By using the conversion formulas: \(x = r \cos(\theta)\) and \(y = r \sin(\theta)\), we derive \(\frac{dy}{dx} = \frac{\frac{dy}{d\theta}}{\frac{dx}{d\theta}}\). This method utilizes the tools of calculus to break the changes in \(y\) and \(x\) down to changes in \(\theta\) - offering the familiar slope of a line in Cartesian terms.

• Differentiate \(x\) and \(y\) concerning \(\theta\)
• Plug in the value of \(\theta\)
• Calculate the resulting ratio \(\frac{dy}{dx}\)

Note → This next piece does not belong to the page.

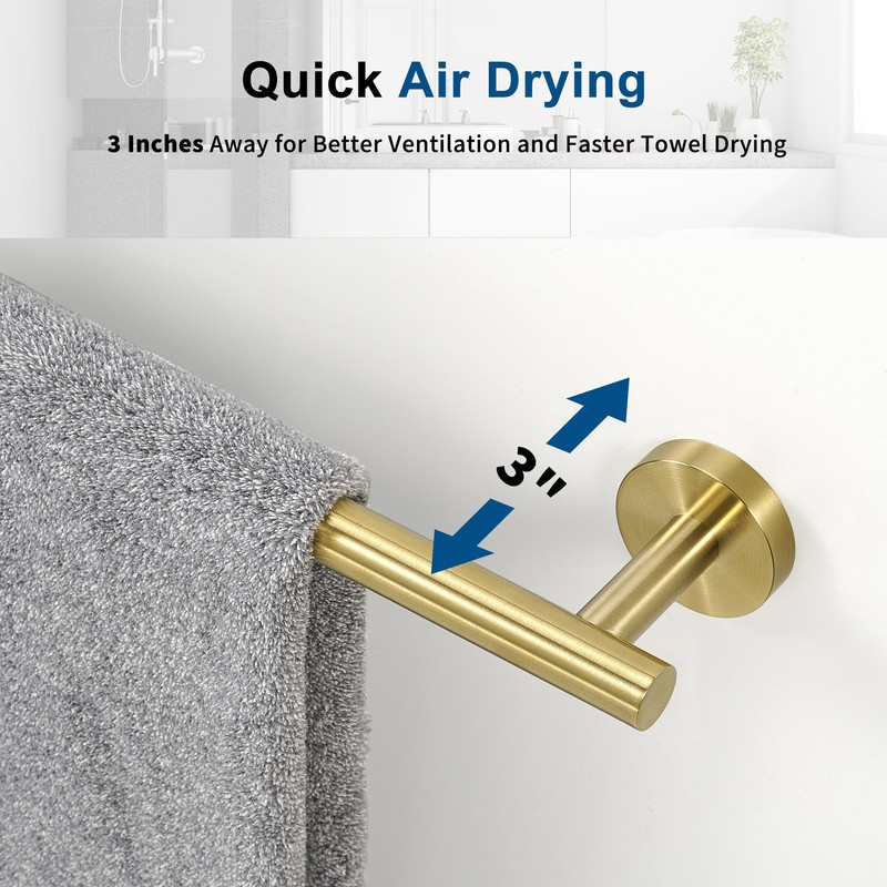 • 【Beautiful Appearance】Bathroom Towel holder features a contemporary style that effortlessly complements any interior decor.Simple round silhouette and unique brushed gold design surface,simple and fashionable,concealed screw makes the product look more beautiful,unique round shape design without sharp edges avoids scratching the skin, making it safer for you and your family.

These steps help convert the interesting dance of a polar curve into something you can graph and understand on the more familiar Cartesian plane.

Tangent Line

After discovering the slope of the curve using the polar derivative, the challenge is to find the tangent line. This is the straight line that just "touches" the curve at the point of interest. The tangent line gives a great approximation of the curve near that point.
The general formula for any tangent line is \(y - y_1 = m(x - x_1)\), where \(m\) is the calculated slope \(\frac{dy}{dx}\). In this case, we found that \(m = -\sqrt{3}\). The point of tangency,\( (x_1, y_1)\), can be found by evaluating \(r\) at \(\theta = \pi/6\), which turned out to be \((0,0)\).
To wrap it up:

• Plug the slope into the formula
• Use the Cartesian coordinates at the point

The tangent line equation becomes \(y = -\sqrt{3}x\). This linear relationship helps us see how the curve behaves locally - like zooming in with a microscope on our curve.

Normal Line

The normal line is always perpendicular to the tangent line at the point of tangency. If you think of standing on a curve, the tangent is the direction you'd glide along; the normal line is where you add a perpendicular stepping stone.
Mathematically, for a line that's perpendicular, its slope is the negative reciprocal of the tangent's slope. Thus, if our tangent slope is \(-\sqrt{3}\), the normal slope becomes \(\frac{1}{\sqrt{3}}\).
Using the point-slope form, with our slope and the same touch-point \((0,0)\), we form the normal line's equation:

• Find the negative reciprocal of the tangent slope
• Use the same point of tangency

This leads us to the equation \(y = \frac{1}{\sqrt{3}}x\), showing a line perpendicular to our original tangent, offering a complete perspective at that specific point.

Cartesian Coordinates

To visualize curves expressed in polar form using the traditional \(x-y\) graphing coordinates, it's important to perform a conversion. This helps transform our understanding and apply familiar concepts like slopes and lines to curves originally seen from polar perspectives.
You might start with polar coordinates known as \((r, \theta)\) where \(r\) is the distance from the origin and \(\theta\) is the angle from the positive x-axis. Through the formulas:

• \(x = r\cos(\theta)\)
• \(y = r\sin(\theta)\)

We translate our polar representation into Cartesian \((x, y)\) coordinates, typically for ease of graphing and analysis.
In the exercise provided, converting polar results allowed finding direct points like \((0,0)\), supporting the application of tangent and normal lines. This translation bridges the gap between different coordinate systems, granting more tools to tackle curve-related problems effectively.